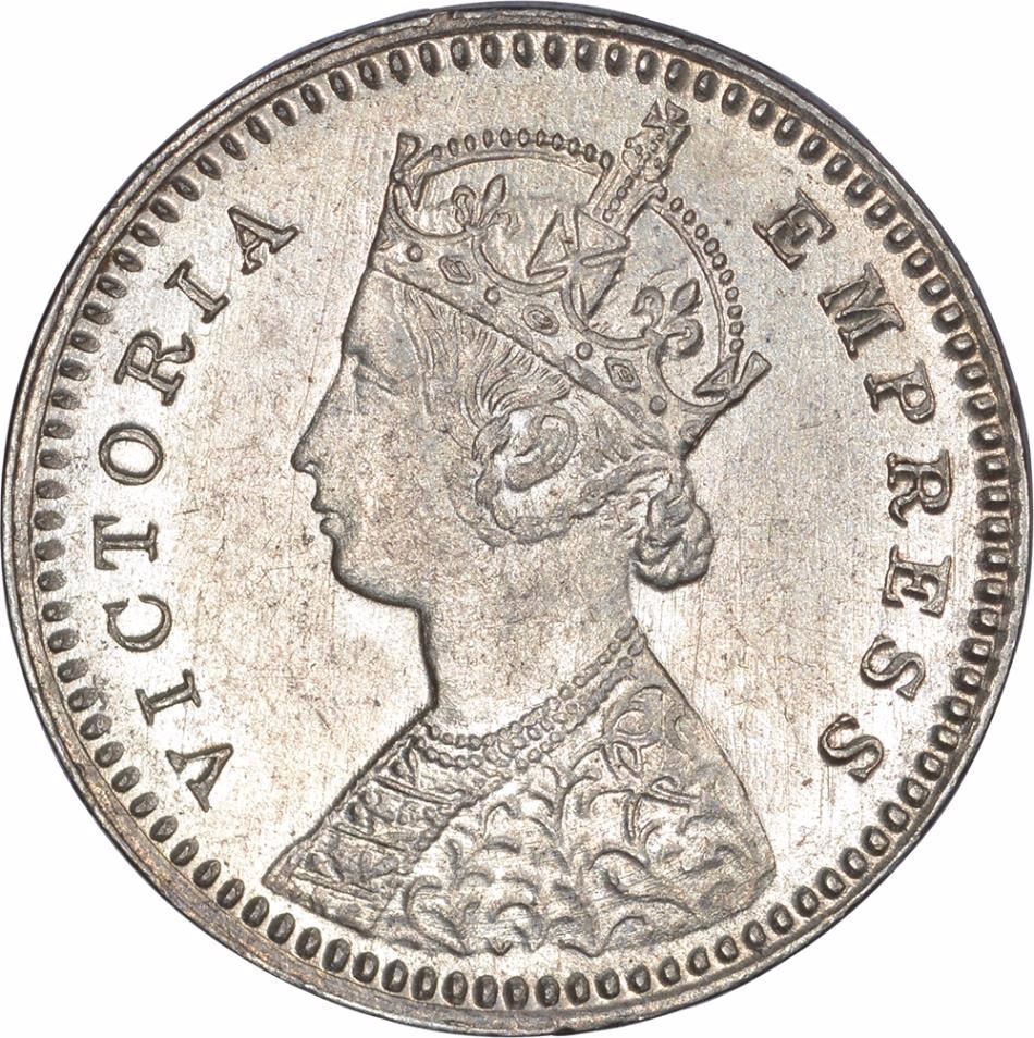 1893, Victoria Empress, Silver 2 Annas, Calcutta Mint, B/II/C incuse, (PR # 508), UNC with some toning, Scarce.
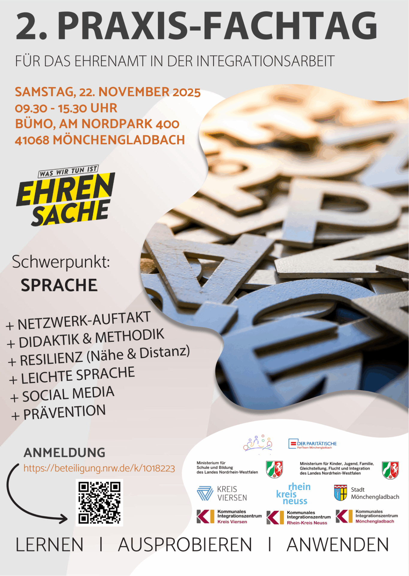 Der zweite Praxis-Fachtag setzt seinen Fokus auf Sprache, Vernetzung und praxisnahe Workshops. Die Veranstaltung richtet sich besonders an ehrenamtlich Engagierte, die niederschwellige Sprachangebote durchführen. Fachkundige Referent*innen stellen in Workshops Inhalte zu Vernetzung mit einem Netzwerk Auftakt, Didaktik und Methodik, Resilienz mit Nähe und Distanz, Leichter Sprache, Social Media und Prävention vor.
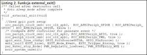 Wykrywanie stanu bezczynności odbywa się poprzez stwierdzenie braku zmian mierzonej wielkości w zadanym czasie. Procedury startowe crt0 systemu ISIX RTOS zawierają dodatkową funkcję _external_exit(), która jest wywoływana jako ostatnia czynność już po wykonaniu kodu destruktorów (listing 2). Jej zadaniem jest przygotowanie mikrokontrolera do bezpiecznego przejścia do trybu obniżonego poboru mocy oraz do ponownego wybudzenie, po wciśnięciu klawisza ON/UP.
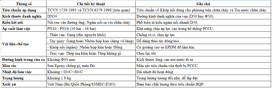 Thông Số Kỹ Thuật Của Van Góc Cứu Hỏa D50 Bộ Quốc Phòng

◆ ◆ ◆ ◆ ◆ ◆ ◆

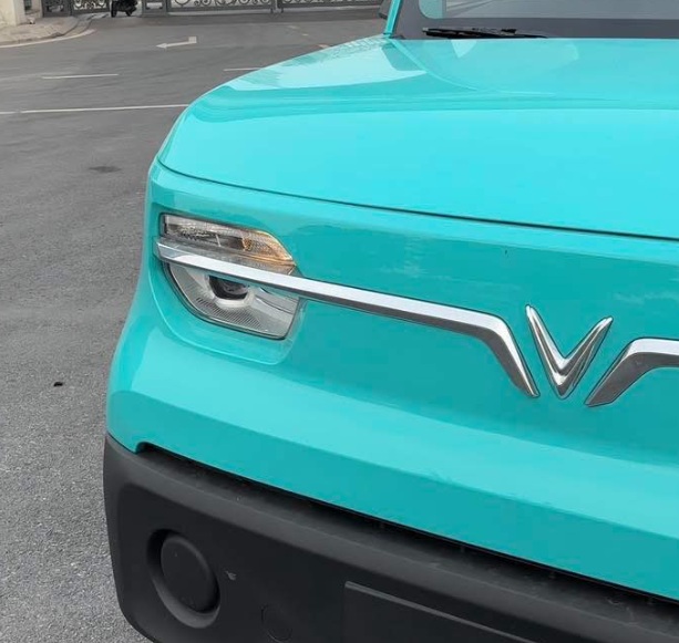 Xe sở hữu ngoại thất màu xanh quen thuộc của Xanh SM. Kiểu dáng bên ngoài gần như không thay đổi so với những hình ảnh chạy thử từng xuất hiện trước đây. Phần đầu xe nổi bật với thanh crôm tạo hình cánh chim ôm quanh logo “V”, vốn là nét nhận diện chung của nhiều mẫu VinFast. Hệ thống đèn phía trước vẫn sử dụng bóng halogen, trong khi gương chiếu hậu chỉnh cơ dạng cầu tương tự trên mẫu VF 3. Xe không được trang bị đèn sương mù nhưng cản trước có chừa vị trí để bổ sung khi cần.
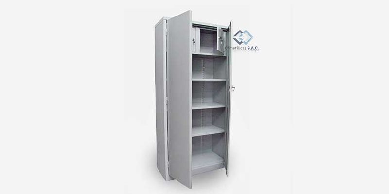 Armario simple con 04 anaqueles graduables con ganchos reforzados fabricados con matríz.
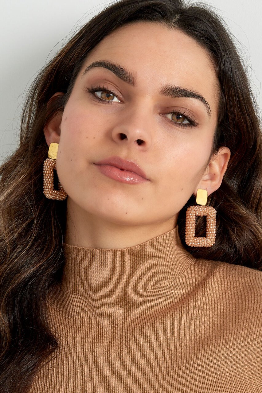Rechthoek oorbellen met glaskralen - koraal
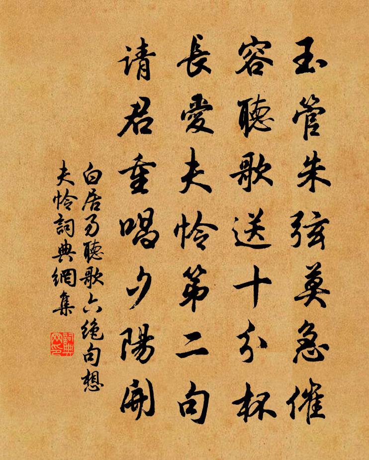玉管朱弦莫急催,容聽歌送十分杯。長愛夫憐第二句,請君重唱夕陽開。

◆ ◆ ◆ ◆ ◆ ◆ ◆

Your objective
Transcribe, exactly and without pictures, everything in the data from the line with "Wykrywanie stanu bezczynności" down to the line with "Thông Số Kỹ", both included.

The answer
 Wykrywanie stanu bezczynności odbywa się poprzez stwierdzenie braku zmian mierzonej wielkości w zadanym czasie. Procedury startowe crt0 systemu ISIX RTOS zawierają dodatkową funkcję _external_exit(), która jest wywoływana jako ostatnia czynność już po wykonaniu kodu destruktorów (listing 2). Jej zadaniem jest przygotowanie mikrokontrolera do bezpiecznego przejścia do trybu obniżonego poboru mocy oraz do ponownego wybudzenie, po wciśnięciu klawisza ON/UP.
 Thông Số Kỹ Thuật Của Van Góc Cứu Hỏa D50 Bộ Quốc Phòng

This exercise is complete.